Most of the prompt is identical.
Without caching, the model would recompute everything from scratch.
Prompt caching exists to avoid that waste.
The Key Insight: Cache Internal Transformer State, Not Text
A common misconception is that prompt caching stores prompt text.
That's not particularly useful because the model would still need to process the text again.
Instead, modern systems cache the transformer's internal representations.
After processing a token through the network, the model produces vectors that represent the token's state at various stages.
The most important cached data is usually:
- Key vectors (K)
- Value vectors (V)
These are generated during self-attention.
Once a prefix has been processed, those K/V tensors can often be reused.
Conceptually:
Prompt
↓
Token Embeddings
↓
Transformer Layers
↓
Key/Value Tensors
↓
Cache
When a future request begins with the same prefix, the system loads the cached tensors rather than recomputing them.
The model effectively starts from the middle of the computation.
Understanding KV Cache First
Prompt caching builds directly on a mechanism called the KV cache.
During inference, each attention layer creates:
Q = Query
K = Key
V = Value
Attention is computed roughly as:
\text{Attention}(Q,K,V)=\text{softmax}\left(\frac{QK^T}{\sqrt{d}}\right)V
When generating token 501, the model doesn't want to recompute attention for tokens 1-500.
Instead it stores the previous K and V tensors.
This is the standard KV cache used during autoregressive generation.
Prompt caching extends the same idea across requests.
Instead of caching:
Request A token 1-500
it caches:
Shared prompt prefix
which can then be reused by:
Request B
Request C
Request D
as long as the prefix remains identical.
What Actually Gets Stored?
Let's use a realistic example.
Suppose we have:
System Prompt: 2,000 tokens
Repository Documentation: 18,000 tokens
User Message: 100 tokens
Total:
20,100 tokens
Assume a model has:
- 80 layers
- Hidden size 8,192
- Multiple attention heads
For each layer, the system stores K and V tensors for every processed token.
Conceptually:
Layer 1:
K[20000]
V[20000]
Layer 2:
K[20000]
V[20000]
...
Layer 80:
K[20000]
V[20000]
The cache may occupy hundreds of megabytes or even gigabytes depending on:
- Context length
- Layer count
- Precision (FP16, BF16, FP8)
- Number of heads
This is why prompt caching isn't free.
The system trades memory for computation.
GPU memory is expensive, but recomputing a 20,000-token prompt repeatedly is often even more expensive.
Prefix Matching: Why Exact Equality Matters
Most production systems perform prompt caching using prefix matching.
Consider:
[System Prompt]
[Documentation]
User: Explain auth
and
[System Prompt]
[Documentation]
User: Explain database
The shared prefix is:
[System Prompt]
[Documentation]
Everything after that differs.
The cache can be reused because the transformer state for the shared prefix is identical.
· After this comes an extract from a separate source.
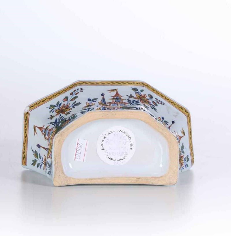 La fioriera da parete è decorata con motivi reinterpretati a Rouen dalla porcellana cinese della “famiglia verde” di epoca K’ang-hi. Un’articolata scena vede grandi pagode racchiuse entro steccati, con giganteschi fiori che si affacciano su un lago

But even small changes can invalidate the cache:
Version 1:
Repository version: 2.1
Version 2:
Repository version: 2.2
That tiny change alters tokenization.
Different tokens produce different embeddings.
Different embeddings produce different K/V tensors.
The entire downstream computation changes.
This is why prompt caching systems often require exact token-level matches rather than semantic similarity.
How Providers Implement Prompt Caching
Different providers implement prompt caching differently, but the general architecture is similar.
Incoming Request
↓
Prefix Detection
↓
Cache Lookup
↓
Cache Hit?
/ \
Yes No
| |
Load KV Compute KV
| |
Generate Response
The difficult engineering problems include:
Cache Eviction
GPU memory is limited.
Providers must decide:
- Which caches stay resident?
- Which caches get removed?
- Which users receive priority?
This resembles operating system page management more than traditional web caching.
Distributed Inference
Large serving systems spread requests across many GPUs.
A cached prefix may exist on GPU A while the next request arrives on GPU B.
Providers must either:
- Move cache data
- Route requests intelligently
- Recompute the prefix
Multi-Tenant Isolation
A cache created for one customer should not leak information to another customer.
Production systems must maintain strict isolation boundaries.
Why RAG Applications Benefit So Much
Retrieval-Augmented Generation systems are perfect candidates for prompt caching.
Imagine a code assistant.
Every request includes:
System Prompt
Repository Rules
Architecture Docs
Coding Standards
Only the user question changes.
Without caching:
20,000 tokens processed
20,000 tokens processed
20,000 tokens processed
20,000 tokens processed
With caching:
20,000-token prefix processed once
Request 2:
reuse cache
Request 3:
reuse cache
Request 4:
reuse cache
Latency drops.
GPU utilization drops.
Cost drops.
This is one reason why modern coding assistants can feel much faster than their raw context sizes would suggest.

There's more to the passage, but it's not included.